Nahdlatul Ulama marks 95 years of tolerance and pluralism
Founded on 31 January 1926, Indonesia’s most important moderate Muslim movement is approaching a hundred years of existence. Its principles are also inspired by opposition to the Wahhabi ideology that was emerging in Saudi Arabia at the same time. It has historically supported initiatives in favour of dialogue and tolerance, and its schools, the pesantren, have played a role in spreading its values.
Jakarta (AsiaNews) – The Nahdlatul Ulama (NU), the “revival of the ulema”, is the most important moderate Muslim organisation in Indonesia. This year, it is celebrating the 95th anniversary since its foundation in 1926.
Everything started two years earlier, in 1924, when two leaders of the time, Kiai Hajj Hasyim Asy'ari and Kai Hajj Wahab Hasbullah, proposed the creation of a body to supervise boarding schools (pesantren) in East Java, the religion’s cradle in the archipelago.
The idea that led to the birth of the NU movement was to protect the “true nature of Islam in Indonesia”, better known as “Islam Nusantara”, according to the principle of a Sunni doctrine derived from the Shafiʽi doctrine and school of Islamic law.
The current of thought developed in opposition, among others, to the Wahhabi doctrine that was becoming increasingly popular in Saudi Arabia, and then spreading to the rest of the Islamic world.
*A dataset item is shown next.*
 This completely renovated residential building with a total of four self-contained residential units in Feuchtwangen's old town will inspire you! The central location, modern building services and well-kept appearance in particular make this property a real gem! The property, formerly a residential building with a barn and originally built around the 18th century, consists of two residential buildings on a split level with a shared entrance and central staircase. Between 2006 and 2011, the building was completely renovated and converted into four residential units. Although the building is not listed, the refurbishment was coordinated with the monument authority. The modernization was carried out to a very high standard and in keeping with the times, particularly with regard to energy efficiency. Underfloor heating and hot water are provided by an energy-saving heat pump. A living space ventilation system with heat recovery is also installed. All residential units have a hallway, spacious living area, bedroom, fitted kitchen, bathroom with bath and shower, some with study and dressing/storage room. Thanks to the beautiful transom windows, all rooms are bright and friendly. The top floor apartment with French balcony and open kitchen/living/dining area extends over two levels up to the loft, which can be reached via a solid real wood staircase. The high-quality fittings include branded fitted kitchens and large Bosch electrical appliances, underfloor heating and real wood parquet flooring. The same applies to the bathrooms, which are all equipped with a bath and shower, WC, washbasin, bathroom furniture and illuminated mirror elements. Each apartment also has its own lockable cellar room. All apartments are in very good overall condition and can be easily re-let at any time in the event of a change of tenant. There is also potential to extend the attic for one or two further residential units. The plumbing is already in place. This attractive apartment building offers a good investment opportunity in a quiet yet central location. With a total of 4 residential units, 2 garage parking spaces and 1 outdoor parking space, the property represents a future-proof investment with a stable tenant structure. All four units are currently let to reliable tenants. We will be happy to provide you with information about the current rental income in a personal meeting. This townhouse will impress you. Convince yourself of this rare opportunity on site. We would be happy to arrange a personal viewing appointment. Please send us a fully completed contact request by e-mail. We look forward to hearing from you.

It was also a response to the growing modernism and secularism that was asserting itself in Indonesia.
In short, NU was a current marked by a balance between two opposites, that of unfettered secularism and the radical (and violent) extremism that still dominates in Arabia and the places where the Islamic faith is funded by petrodollars.
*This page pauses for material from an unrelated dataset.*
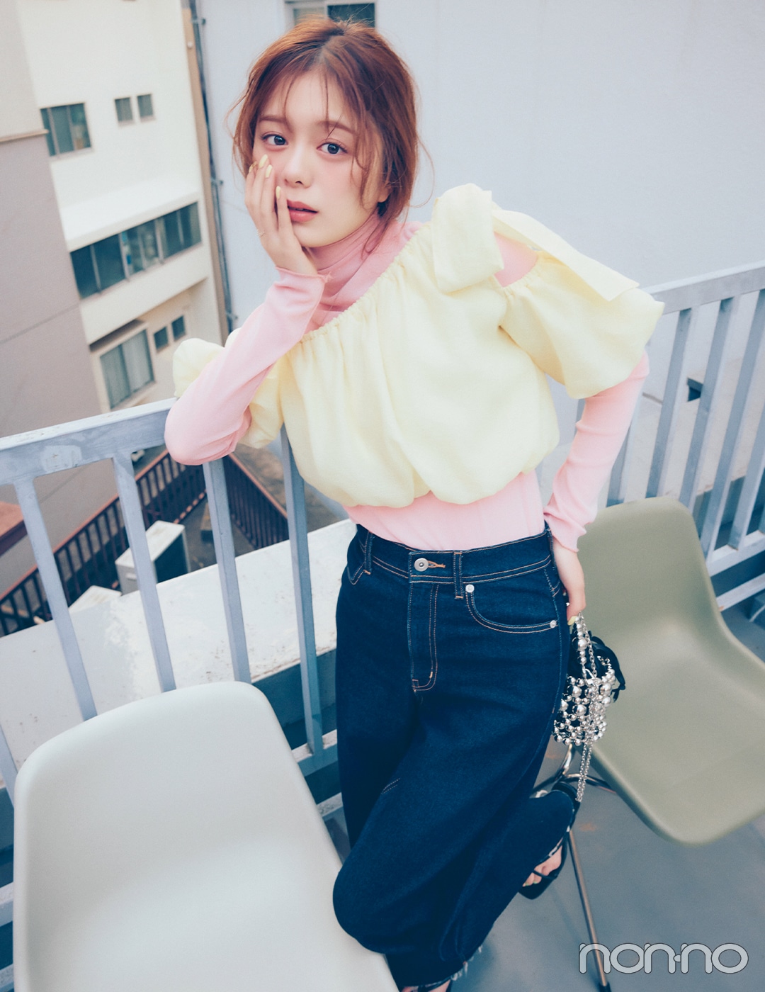 個性を出したい日にぴったりのパステルレイヤード。イエローとピンクを重ねるだけでたちまちおしゃれ上手な印象に。子どもっぽくならないよう、インディゴデニムでキリッと印象を引き締めつつトップスの配色を引き立てて。

In the 1920s, Indonesian Muslim scholars sought instead to create an “Indonesian Islamic” doctrine to contrast Saudi radicalism and encourage school life and teaching in the Pesantren.
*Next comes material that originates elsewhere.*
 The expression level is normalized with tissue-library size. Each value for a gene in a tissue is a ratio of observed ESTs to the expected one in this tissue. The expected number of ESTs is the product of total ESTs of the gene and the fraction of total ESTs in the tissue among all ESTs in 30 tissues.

Hence, on 31 January 1926, the Nahdlatul Ulama was born, reaching the milestone of 95 years of activity with countless initiatives in the religious, social and political fields.
In all these years the Nahdlatul Ulama played a leading role in the life of the country, guaranteeing pluralism and respect for civil liberties and in matters of faith, embodied in the doctrine of Pancasila, the political and institutional reference and inspiring principle of the state.
Through GP Ansor, its youth wing, and Banser, its paramilitary wing, NU contributed to stability and the development of pluralism and tolerance.
Speaking on the side-lines of the celebrations dedicated to the 95th anniversary, Indonesian President Joko Widodo expressed hope that NU would continue to play a leading role in the defence of nationalism and religious tolerance in the future.
In the modern history of Indonesia, the head of state added, members of the organisation have fought against terrorism and extremism.
Former President Megawati Sukarnoputri also praised the organisation’s decades of work, expressing hope that its leaders would continue to work closely with Indonesian political leaders in coming years.